Another obvious concern is training employees in the new software and hardware many companies are providing to ease the transition. Would-be cyber criminals only need to successfully exploit one vulnerability to steal valuable proprietary data, which could result in immeasurable damage to a company's reputation. In order to keep the home office environment secure, employees have to know what they're doing.

"The rapid implementation of global restrictions has caught many off-guard. Routine operations such as workplace meetings, collaboration, and daily tasks have been forcibly transitioned to more digital avenues," Bailey says.

"Many companies may not have performed adequate training educating their users on best cyber practices. Typically, it will take large organizations many months, if not years to move to a modern architecture. This requires technology pilots, staged implementation, lots of testing of both functionality and security, and significant employee training.  For companies who were not already on this virtual path, this rapid move to working virtually permitted little time to perform these steps in a calculated and thorough manner."

Current Conditions Are a Boom Time for Cybersecurity Consultants

Consulting is an industry that tends to thrive in challenging environments, and the ongoing shift to working from home and the obstacles it brings has increased the demand for experts in the space as organizations look to lock operations down. 

"Demands shift with priorities. When everyone is scrambling to protect the remote workforce, projects that were once deemed critical all of a sudden fall into the "discretionary" category.  With the initial surge to address a newly remote workforce done, clients now want to examine whether or not the technologies and processes that were put in place are working as expected and how they can be optimized," says Post.

"As we face this new work environment, the other rising issue is interacting with customers. Specifically, making customers feel secure in the knowledge their sensitive data is protected as they move to a digital environment is a critical factor in clients protecting their revenue streams. Securing those transactions and interactions will be key to future growth."
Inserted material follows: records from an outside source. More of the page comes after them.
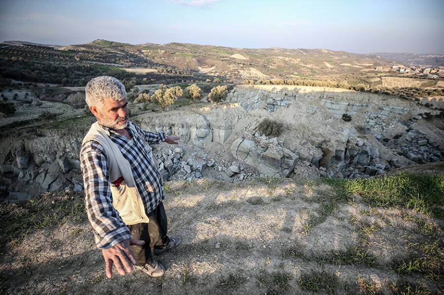 Hatay'ın Altınözü ilçesinde Kahramanmaraş merkezli depremlerde devasa yarığın oluşmasıyla sahibinin tanımakta güçlük çektiği arazi, çevredekilerin ilgisini çekiyor.
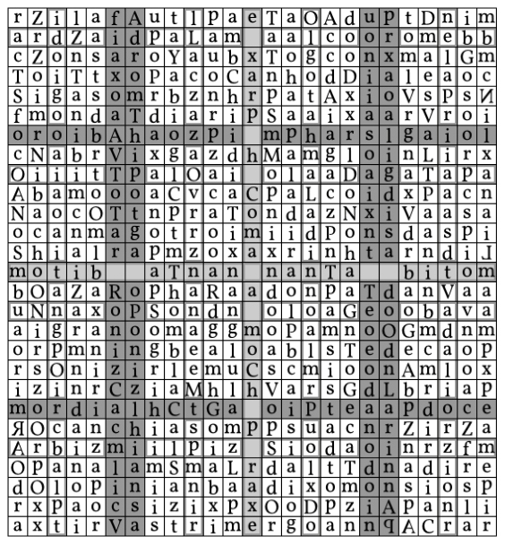 В средней линии у тебя «o r o i b A ha o z p i». Над ней — 6 линий, и под ней — 6. Эта линия называется Линией Святого Духа.
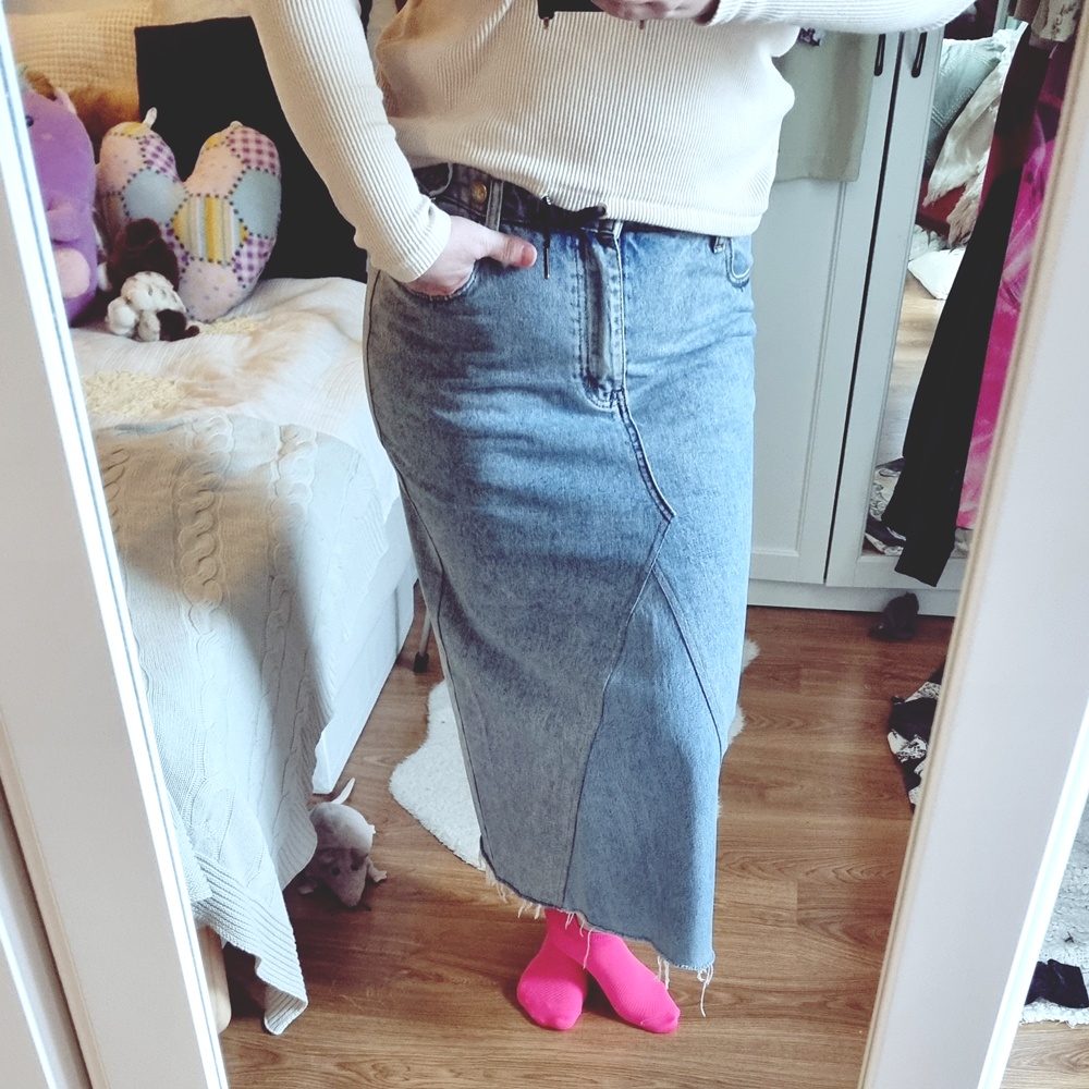 Ja sitten se isoin löytö: vanhoista farkuista tehty farkkuhame. Puhutaan nyt kierrätysdivan unelmasta! Se on juuri sopivan rouhea ja siinä on asennetta. Tämä hame tulee olemaan koko syksyn luottovaate.
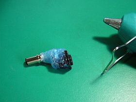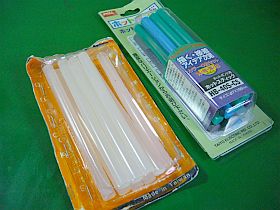 金属部を覆うのにホットボンドを、よく使っているのですが、今回も以前使った「透明スティック」_左写真_をそのまま使いました。_ガンの中に沢山残っているので、そうせざるを得ないのですが_
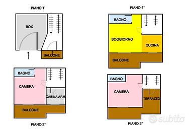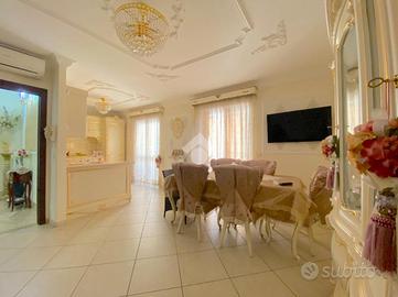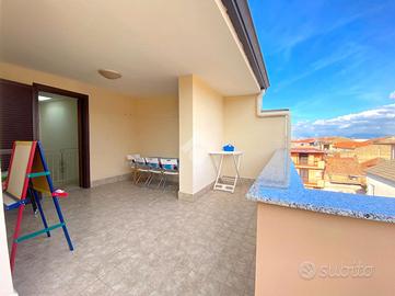 La soluzione è disposta su 3 livelli ed è composta dall'ingresso nel disimpegno, proseguendo per il vano scala si ha accesso alla zona giorno composta da un ampio soggiorno living con angolo cottura e un accessorio; proseguendo per il vano scala accediamo alla zona notte composta da una camera matrimoniale con cabina armadio e un bagno;proseguendo si ha accesso all'ultimo livello composto da una cameretta, un bagno e un ampio terrazzo a livello. Completa la soluzione un box auto doppio. L'immobile si presenta in buono stato. Visionabile tutti i giorni previo avviso telefonico allo
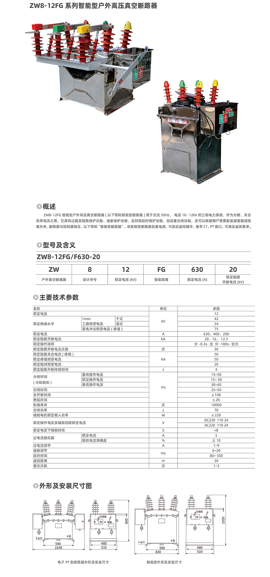 ZW8-12F(G)智能型戶外高壓真空斷路器(以下簡(jiǎn)稱智能型斷路器)用于交流50Hz、電壓10-12kV的三相電力系統(tǒng),作為分?jǐn)唷㈥P(guān)合負(fù)荷電流之用,它具有過載及短路保護(hù)功能、速斷保護(hù)功能、定時(shí)限延時(shí)保護(hù)功能、自動(dòng)重合閘功能,還可以根據(jù)用戶需要配裝避雷器或隔離開關(guān)(即斷路器與隔離開關(guān)組合,以下簡(jiǎn)稱“ 組合智能型斷路器”等。該智能型斷路器自備電源,可就近遙控操作,備有CT、PT接口,可滿足遙測(cè)要求。
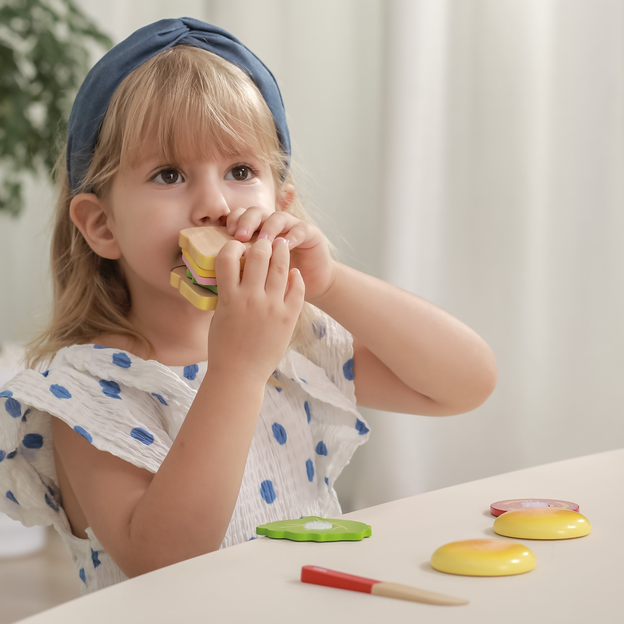 • – rinkinį sudaro: peilis, 2 riekelės skrudintos duonos, 1 hamburgerio bandelė, 2 salotų lapai, 2 pomidorų riekelės, riekelė geltono sūrio, riekelė kumpio, hamburgerio kotletas,

The rapid shift to work-from-home has also been a challenge for clients, who have had to devise entirely new security strategies and protocols to avoid service interruptions and thwart cyber attacks in a much more target-rich environment. This has also led to an increase in demand for outside cybersecurity experts.

"As one would expect, the demand for cybersecurity consulting services has seen a direct increase to provide services from high-level advisory to technical security engineering to tactical 'cybersecurity as a service' work," says Bailey.
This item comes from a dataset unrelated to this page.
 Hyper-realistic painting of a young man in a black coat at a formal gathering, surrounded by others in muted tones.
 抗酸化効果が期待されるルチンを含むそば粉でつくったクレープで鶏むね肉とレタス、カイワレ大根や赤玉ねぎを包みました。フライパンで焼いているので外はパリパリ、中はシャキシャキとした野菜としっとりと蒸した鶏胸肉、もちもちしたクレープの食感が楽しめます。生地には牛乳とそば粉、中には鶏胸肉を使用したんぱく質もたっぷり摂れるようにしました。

"Clients now more than ever are understanding the importance of controlling access to their environment and data, ensuring they implement adequate security architectures, have strong identity and access management procedures and [that] their employees are trained and understand company policies and cybersecurity human threats. With the requirement to develop and maintain a comprehensive cybersecurity program, consultants in all areas of cybersecurity are in high demand to fill gaps in expertise for their clients."
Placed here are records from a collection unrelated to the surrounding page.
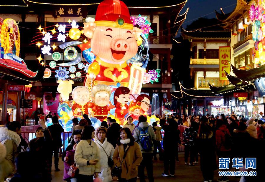 1月21日晚,今年的主题灯组——高约9米、憨态可掬的卡通财神猪手捧福袋和金元宝,向市民和游客送上新春的祝福。 当晚,2019年豫园新春民俗艺术灯会正式亮灯。本届灯会将持续至2月22日,为期33天,预计将迎来数百万海内外游客赏灯迎新。 新华社记者 刘颖 摄
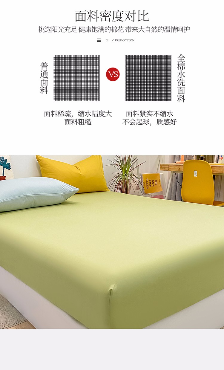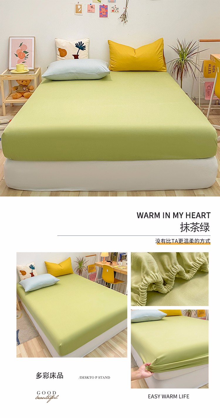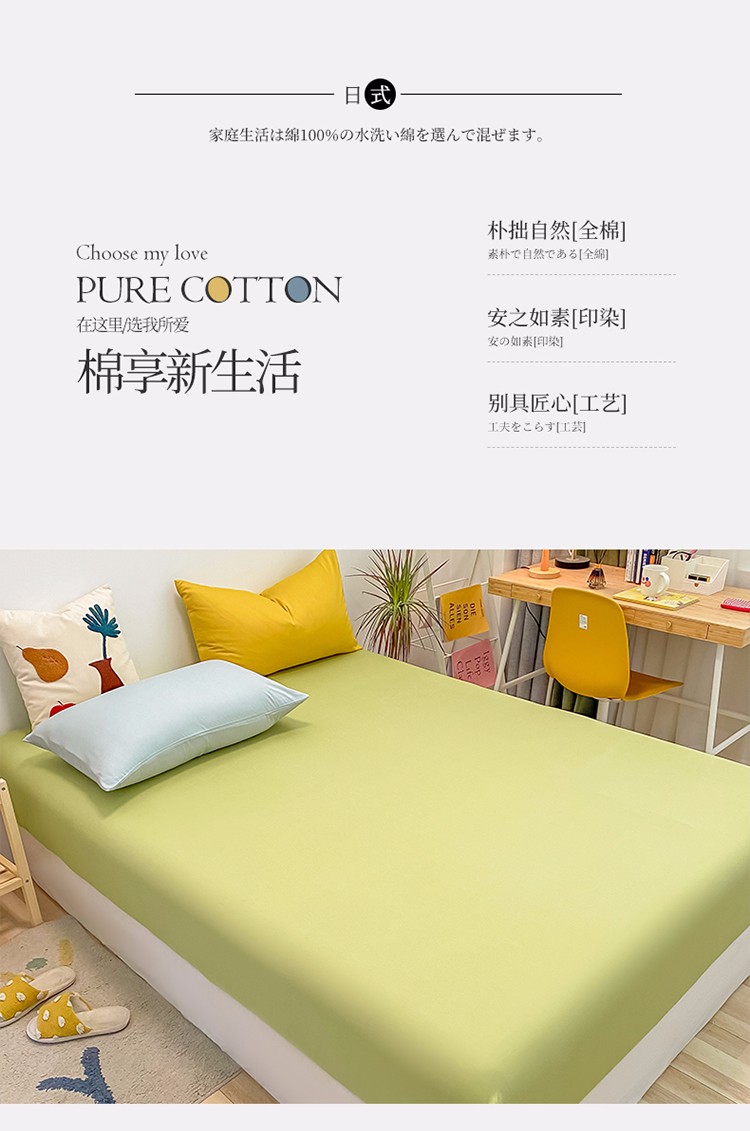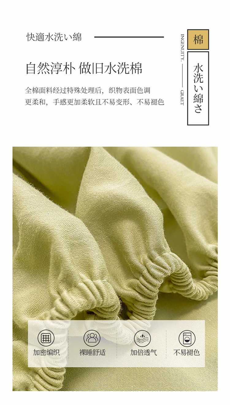 蓝巢 2021新款全棉水洗棉混搭款单床笠抹茶绿
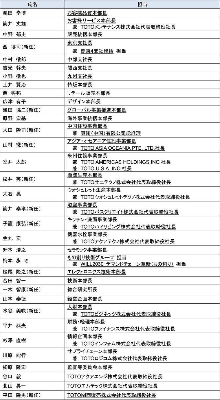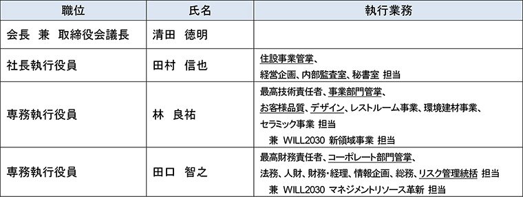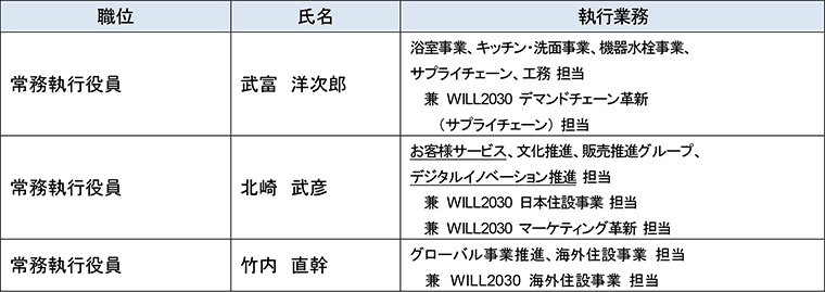 当社は、2030年に実現したい暮らしや社会・環境を明確化した「共通価値創造戦略 TOTO WILL2030」(以下、WILL2030)の実現に向け、2026年4月1日より新執行体制へ移行いたします。

The history of the coronavirus pandemic is still being written, and the consulting industry is still living it out in real time. The sudden industry-wide move to remote work has been difficult on many fronts, and nobody knows how long this "new normal" will last, or if it's here to stay. However, consulting firms are resilient by design, and well-seasoned in navigating change and overcoming obstacles. The industry's renewed commitment to safeguarding client data and ensuring secure communications in an unprecedented environment is a testament to that heritage.